After this, a man came to talk to Jesus named Nicodemus. A Pharisee and a leader of Jews, Nick here was part of a group that was against Jesus… and yet, here Nick was, wanting to have an in-depth conversation about who and what Jesus is. Nick even admitted “Rabbi, we know that you are a teacher who as come from God; for no one can do these signs (he means the wedding at Cana and the cleansing of the temple) apart from the presence of God.” Jesus’s response to this could be a paraphrase out of Princess Bride – Jesus is not exactly who Nick THINKS Jesus is. Jesus is not just a rabbi, or someone who does signs. Jesus is the son of God, sent to save the world. 

John 3:16, as it turns out, is only one small part of a larger conversation – well, fairly one-sided really, since Jesus ends up doing most of the talking – that ranged all over the map, from being born from above, the mysterious workings of the Holy Spirit, the judgement of God, believe in Jesus, light and darkness. Most of which goes over poor Nick’s head… and over ours too.

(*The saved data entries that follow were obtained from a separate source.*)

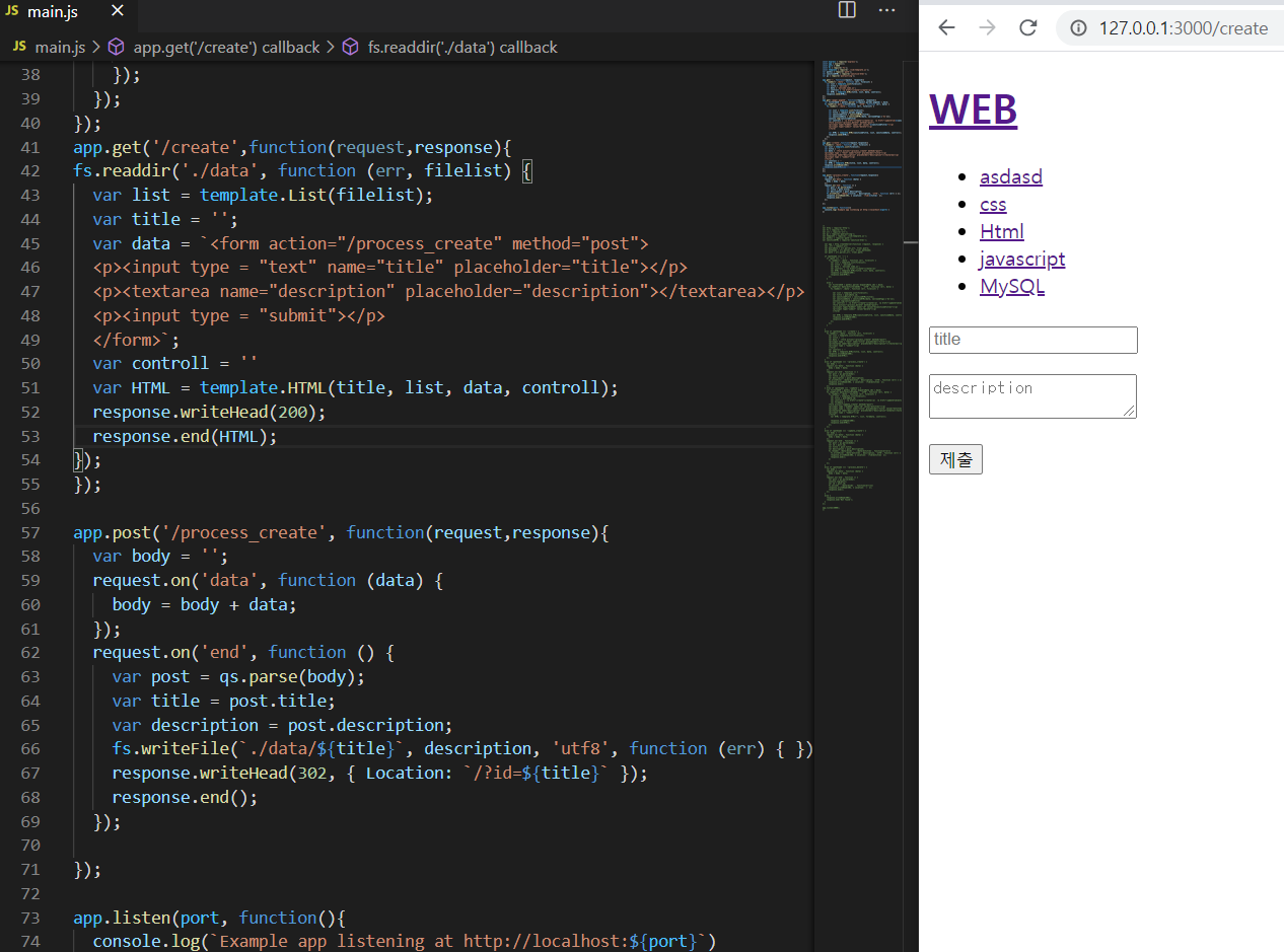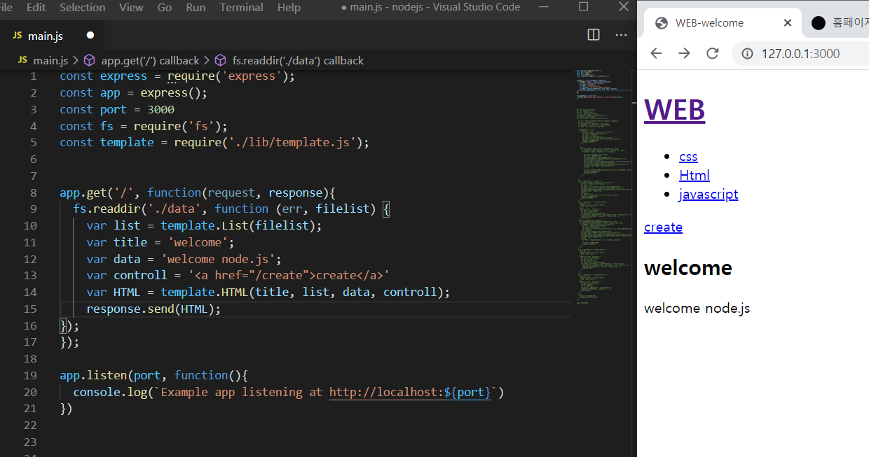 비로소 웹서버가 실행되면서 3000번 port에 listening하게 되고 그것이 성공하면 콜백함수가 실행되도록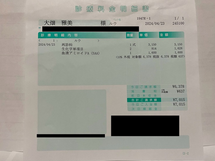 (2つ目の活動報告にも載せていますが、この日の診療明細書です。)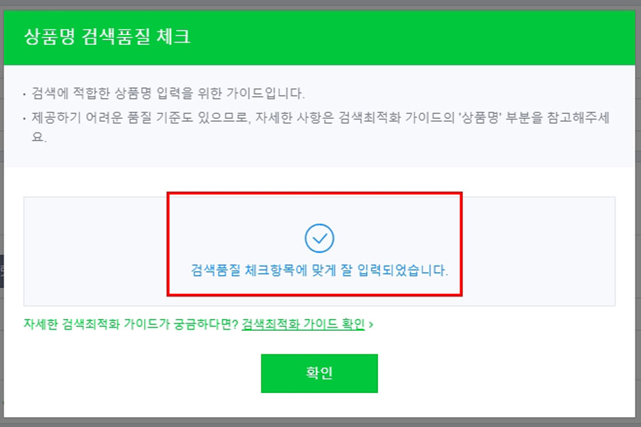 “검색품질 체크항목에 맞게 잘 입력이 되었습니다”라고 나옵니다.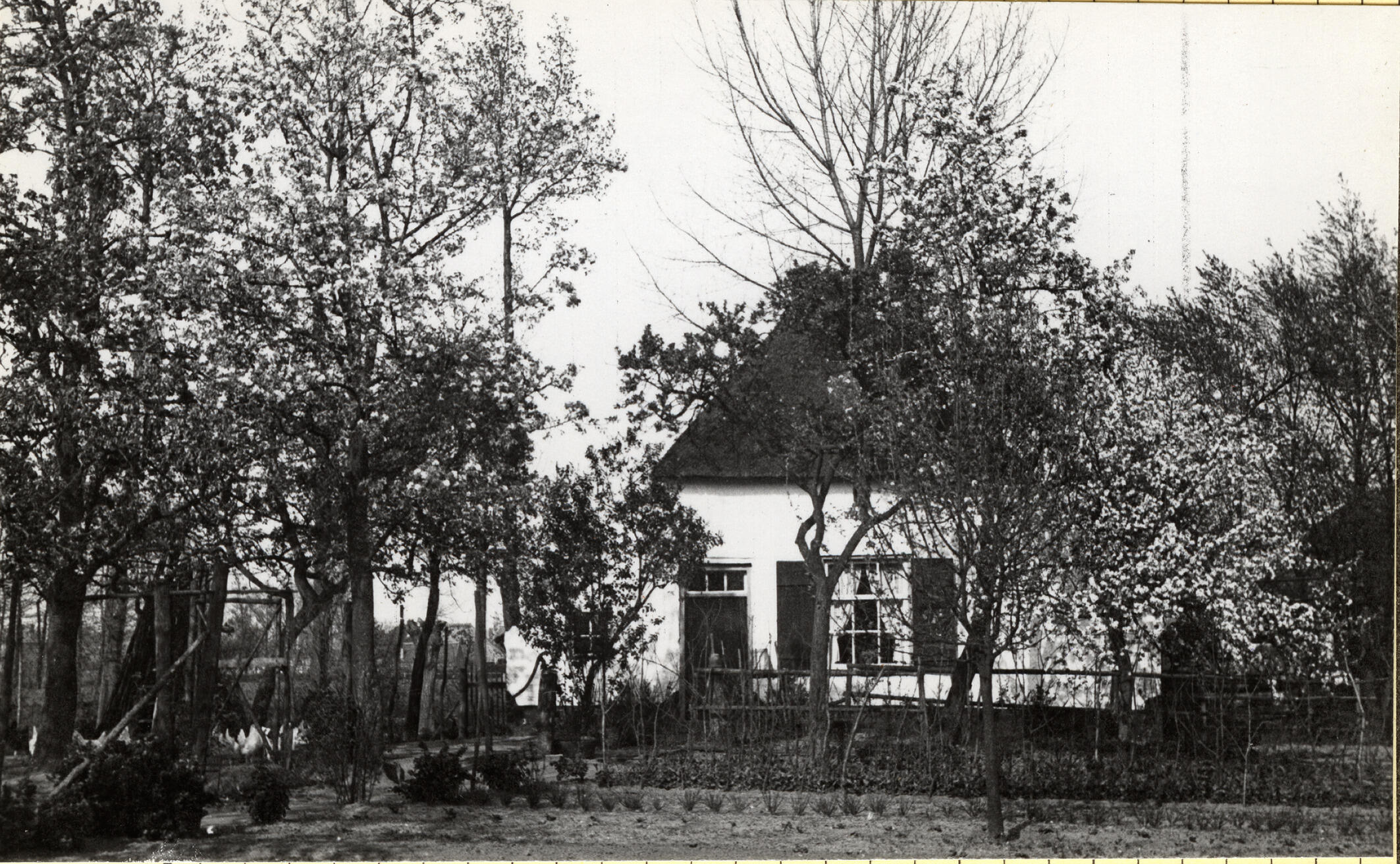 Witte voorgevel van een kleine boerderij in Bennekom.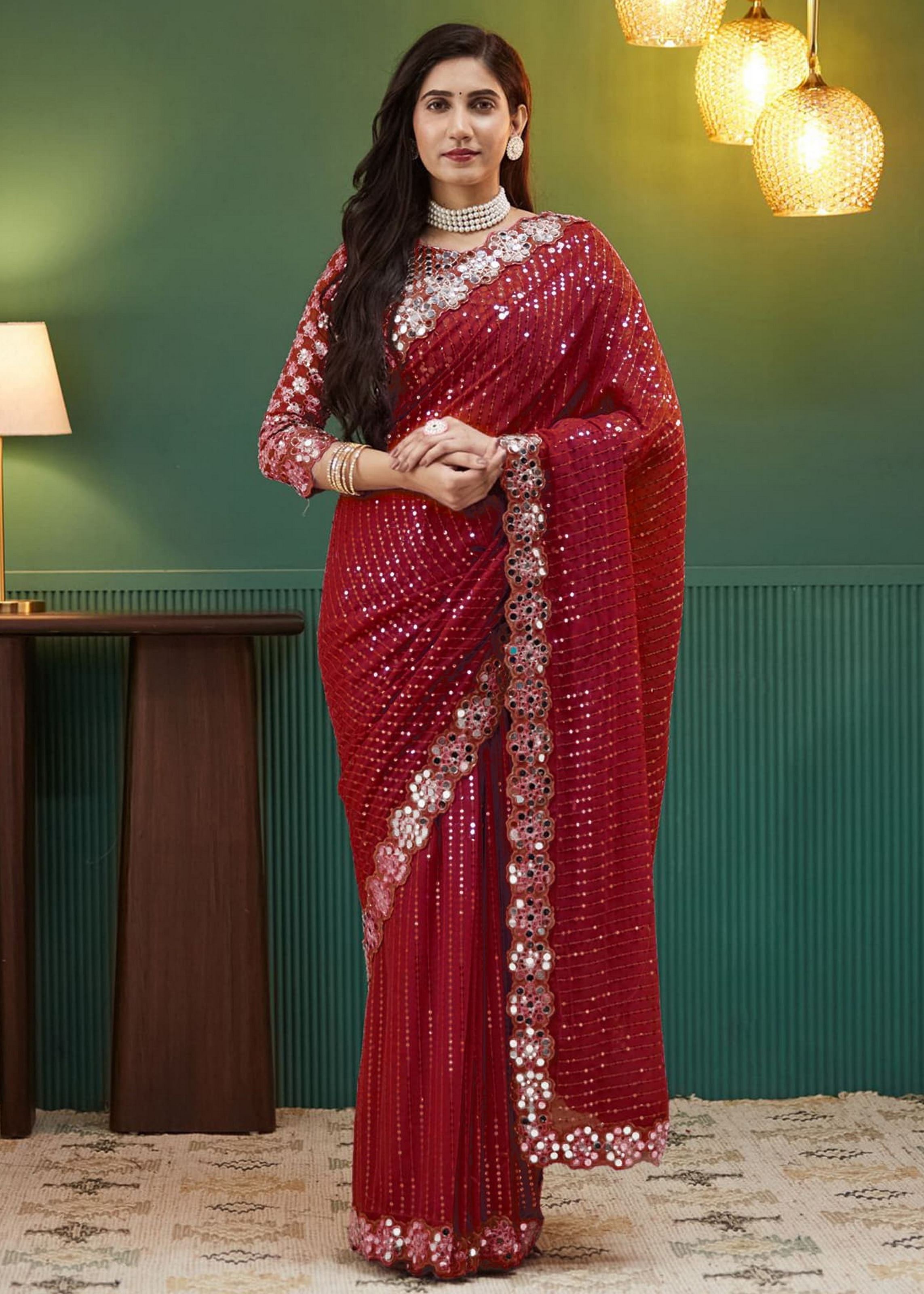 The vibrant red color symbolizes love, passion, and festivity, making it perfect for bridal or ceremonial wear. The saree is adorned with exquisite embroidered detailing, adding richness and a touch of luxury to your overall look. Paired with a matching georgette blouse in red, this ensemble ensures a coordinated and graceful appearance.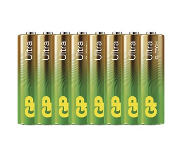chemické složení alkalické, kategorie/řada Ultra Alkaline, typ LR6 (tužka, AA), velikost baterie AA, napětí 1,5 V, možnost nabíjení ne, záruční doba 2 roky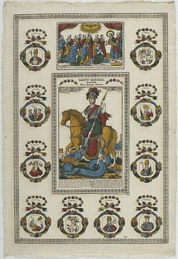 INSTITUTION DU S. SACREMENT DE L'EUCHARISTIE (titre inscrit, français, allemand, gothique) ; SAINT GEORGE, / MARTYR. (titre inscrit, français, allemand, gothique)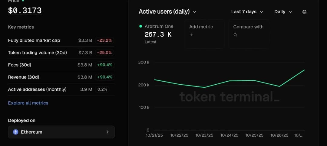 داده های Token Terminal نیز تایید کرد که کارمزدهای اپلیکیشن ها به بالاترین سطح شش ماهه رسیده است. شبکه در طول سی روز 3.8 میلیون دلار کارمزد و درآمد جمع آوری کرد که افزایش 90.4 درصدی را نشان می دهد. آدرس های فعال نزدیک به 3.9 میلیون باقی ماندند، در حالی که کاربران فعال روزانه به 267.3 هزار افزایش یافتند و ریزش اوایل هفته را معکوس کردند.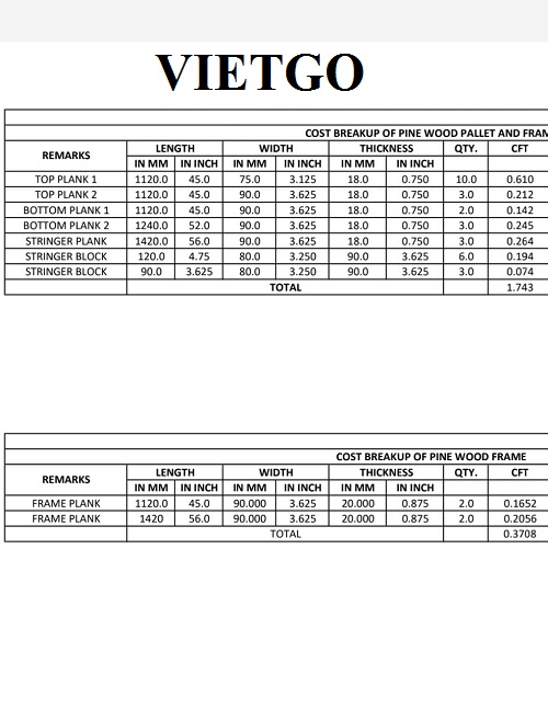 Hình ảnh thông số và số lượng sản phẩm do khách hàng cung cấp (số lượng để làm 1 pallet) - bản dịch tiếng Anh

In the Gospel of John, Jesus is continually opening wide the horizons of people’s notions about God. It is here in John, that Jesus says all of his famous “I am” statements:” I am the bread of life, I am the light of the world, I am the good shepherd, I am the resurrection and the life, I am the gate for the sheep, I am the way, the truth, and the life.

In John, his gospel starts in such an epic way as to emulate the great poem at the beginning of Genesis itself: “in the beginning was the Word, and the Word was with God, and the Word was God…. And the word of God became flesh and lived among us, and we have seen his glory… full of grace and truth.”

In John, Jesus gives hope and living water to the woman at the well, and she opens her mouth to testify to this encounter. Jesus opens the tomb of Lazarus and calls him out of the darkness of death. On the last night Jesus spends before his crucifixion, he humbles himself among his followers – the very ones who would later betray, deny, and abandon him - and washed their sweaty, travel-worn feat.

All through John, Jesus challenges people to open their eyes, minds, and hearts to the fact that the Word of God became flesh and was walking among them.

But why did Jesus come to us in this way? And what did Jesus arrive here to do? Perhaps that is why we cling to John 3:16 so much, because we get a who, why, and how… which are actually pretty few and far between in the Bible.

Who did God send? Well, that would be God’s son Jesus…. But to whom did God send the son? Jesus says to Nicodemus… and to us… and to the whole world…. God loved the whole world, just to certain people in the world …  not just people who have seem to have it all together, or who mentally subscribe to all the right doctrines, or even just for those who come to church every single Sunday. The whole world MEANS the whole world, and Jesus proved that in every part of John’s Gospel.

Why did God send Jesus? “So that …. whoever believes in him... may have eternal life.” And, dare we go past verse 16 into verse 17, we find out that what God has in store for us is NOT judgement, but instead that we might be rescued through our rescuer, SAVED through our SAVIOR Jesus. Saved, that is, so that we may have eternal life NOW. Present tense. Not just for some far-off time when we need to reserve our place in heaven. Not someday, in the sweet by-and-by. Eternal and abundant life happens NOW. We get to truly live before we die AND after we die.

How we can participate in this eternal life gets a bit tricky. Jesus tells us, “all who believe” in him may have this eternal life. All throughout John’s Gospel, and all throughout Jesus’s life, belief is not a box that gets checked off. Belief is a road that is created by walking in the footsteps of where Jesus has gone before us. Believe in Jesus is actually a verb, and action, a way of life, where we live as Jesus lived, and we choose love over hate, we choose compassion over fear, we choose to place our hope in the coming dawn rather than trust that the night of sin and brokenness have the final say.

Inconceivable, you might be tempted to think, as we sit here in our own dark times and dark nights, even as dawn has come an hour earlier because of Daylight Savings. Well, perhaps that word doesn’t mean what we think it means. Perhaps we don’t have to fully conceive to believe. Thanks be to God. Amen.